However , the amendment being requested by Mr President is perceived as capable of springing up new issues between the Presidency and the lawmakers.

Mr President had observed that some clauses in the 2013 Appropriation  Act are contradictory to the theory of seperation of powers between the Executive and the Legislature while some may delay the implementation of the budget , if left as it is.

Faulting the clauses, President Jonathan, in a letter to the National Assembly through the Senate President, David Mark and read at the plenary by the Deputy Senate President, Ike Ekweremadu, who presided over the day’s sitting, described the said clauses as injurious.

The letter entitled, “Submission of the 2013 Amendment Budget Proposal and the Subsidy Reinvestment and Empowerment Programme (SURE-P) Amendment Budget Proposal” reads in parts:

“Furthermore, the 2013 Appropriation Act includes clauses which may be injurious to the spirit of separation of powers, and which could hamper the work of the executive arm of government, I therefore request that these should be reviewed.

“The relevant clauses are Clause 6(ii) states that, the Accountant-General of the Federation shall forward to the National Assembly full details of funds released to the government agencies immediately such funds are released”, while Clause 9 states that “all accounting officers of ministries, parastatals and departments of government who control heads of expenditures shall upon the coming into effect of this Act, furnish the National Assembly, on quarterly basis, with detailed information on the Internally Generated Revenue of the agency in any form whatsoever. Both clauses run counter to the established chain of reporting.
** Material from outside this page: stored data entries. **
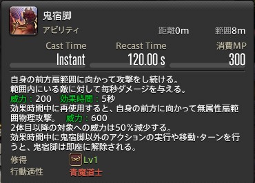 | 付与 | 「鬼宿脚」 威力:200 効果時間:5秒(1秒1ヒット) 再使用時威力:600 最大威力:1600 |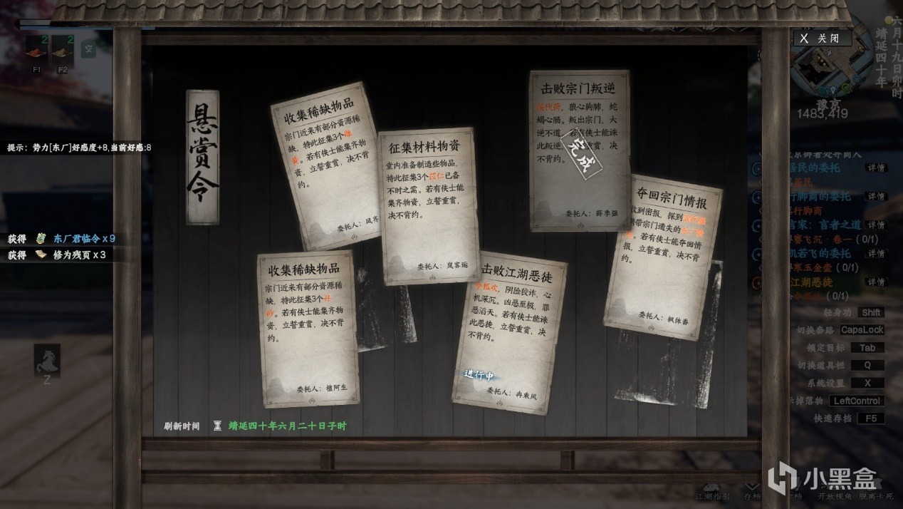 1.在東廠的懸賞太監趙大三人處接取各種懸賞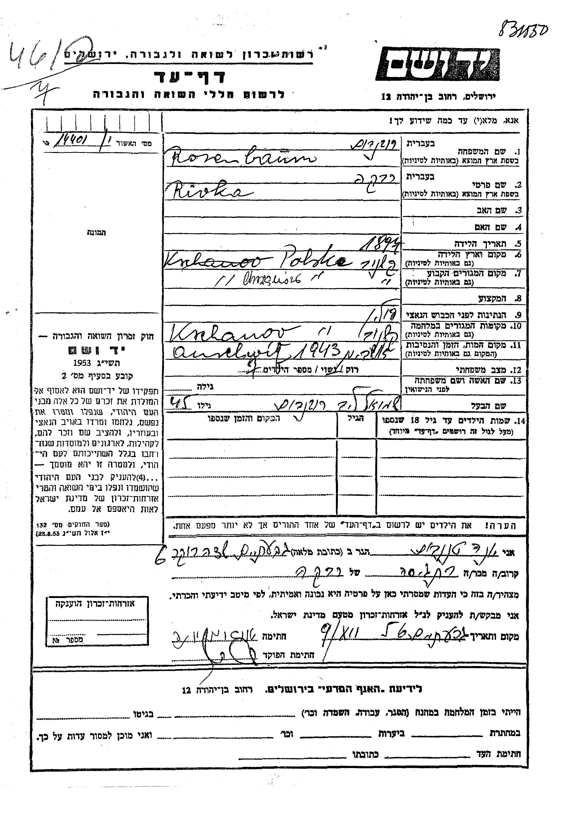Rosenbaum רבקה 1897 Chrzanow, פולין דף-עד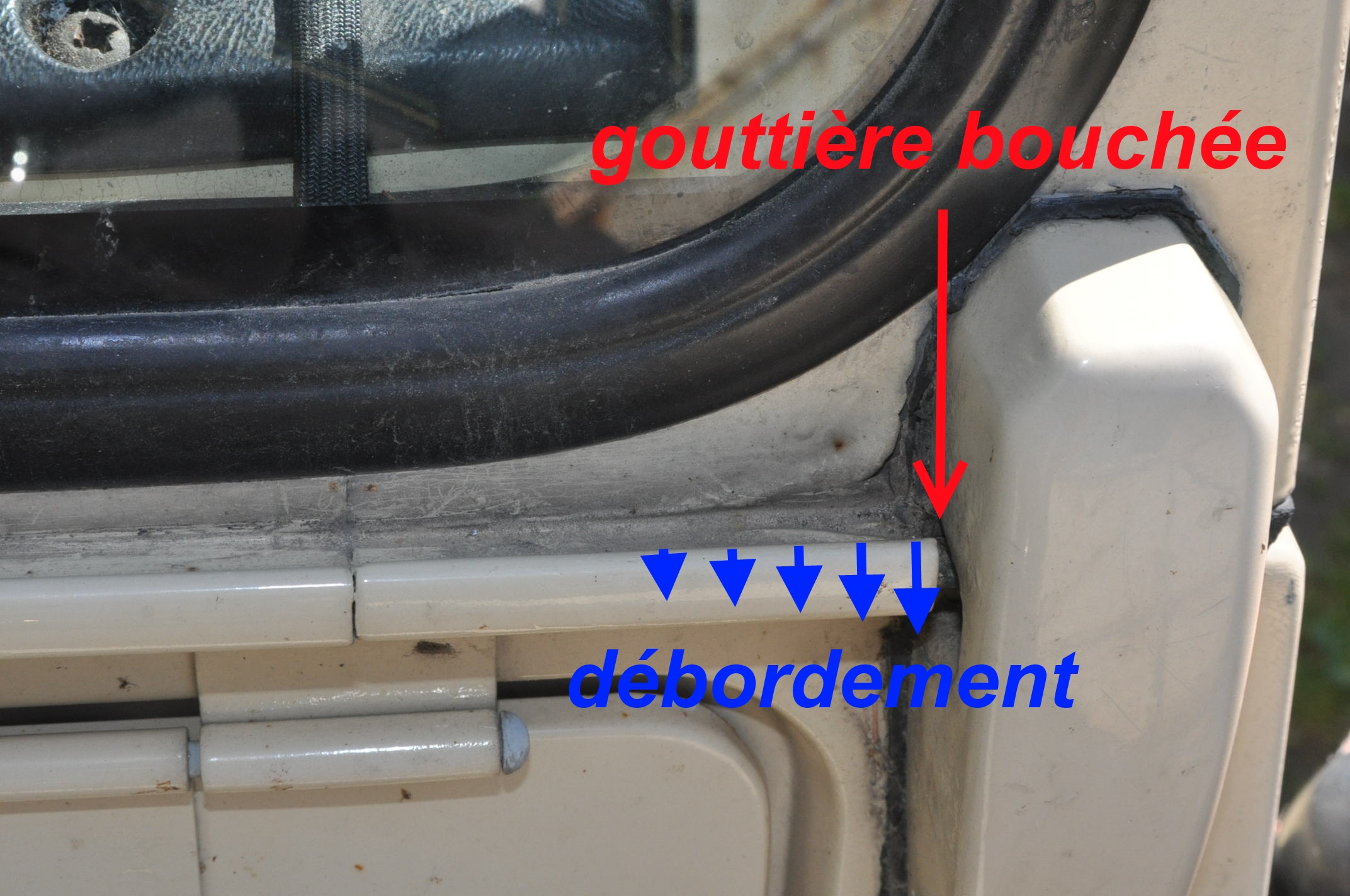 Je me suis aperçu que l’eau venais essentiellement par les volets d’aération et par les fenêtres avant au niveau du coin de vitre après le lèche vitre.

“Clause 7 states that, “the minister of finance shall ensure that funds appropriated under this Act are released to the appropriate agencies and or organs of government as and when due provided that no fun ds for any quarter of the fiscal year shall be deferred without prior waiver from the National Assembly.”

“This requires the minister of finance to seek a waiver from the National Assembly each time the Ministry of Finance cannot make full funds releases to MDAs when due. As you are aware, the nation experiences a shortfall in revenue once in a while and if the minister seeks a waiver on each occasion, the practice would tie down budget implementation, as this would involve the minister writing a formal letter to the National Assembly to be presented in plenary and sent to the relevant committees for discussion. These would create delays and constraints on the budget implementation.

“Clause 10 states, “all revenue, however, described including all fees received, fines, grants, budgetary provisions and all internally and externally generated revenue shall not be spent by the Securities and Exchange Commission for recurrent or capital purposes or for any other matters, nor liabilities thereon incurred except with Prior Appropriation and Approval by the National Assembly.

“Considering the fact that the budget of SEC does not form part of the core 2013 Federal Budget as presented to the National Assembly, I believe that this clause ought not to have been inserted in the 2013 Appropriation Act in the first place.

“Secondly, the import of the clause is tantamount to shutting down the business of the commission with potential negative impact on the capital market.”

President Jonathan had stressed that the clauses, if not amended,  could derail the work of the Executive arm of government.

He also noted that the clause, which provides that SEC budgetary allocations and revenue shall not be spent by the Securities and Exchange Commission except with prior appropriation by the National Assembly will only cripple the commission.

While it is expected that Mr President ‘s request may not go easy with the lawmakers , it could be confirmed that those clauses were articulated by the lawmakers to ensure closer grip on the budget implementation procedures and that Securities and Exchange Commission be tamed for once.

Meanwhile, the Federal Government has dismissed the prospect of a diplomatic wrangling with the United States and other western nations over a controversial state pardon granted ex-corruption convicts last week.

Foreign Minister, Olugbenga Ashiru, said on Monday that the amnesty granted by President Goodluck Jonathan will not strain bilateral relations between Nigeria and other countries, less than a day after America’s richest man, Bill Gates, pulled out from a planned anti-polio campaign in Nigeria.

The pardon of former Bayelsa State Governor, Diepreye Alamieyeseigha and former Managing Director of the defunct Bank of the North, Shettima Bulama, both jailed for huge fraud, has infuriated many Nigerians, and has drawn scathing criticisms from the US, which has warned of sanctions.

The US said it viewed the decision as a “setback in the fight against corruption”.

Federal Government rejected that assertion and immediately summoned the U.S Deputy Chief of Mission of the Embassy in Abuja, on Friday, in protest. The foreign ministry described the US remarks as “undue interference and meddlesomeness in the internal affairs of Nigeria’’.

The Federal Government on Monday played down the prospects of drawing severe consequences over its decision to free Messrs Alamieyeseigha and Bulama.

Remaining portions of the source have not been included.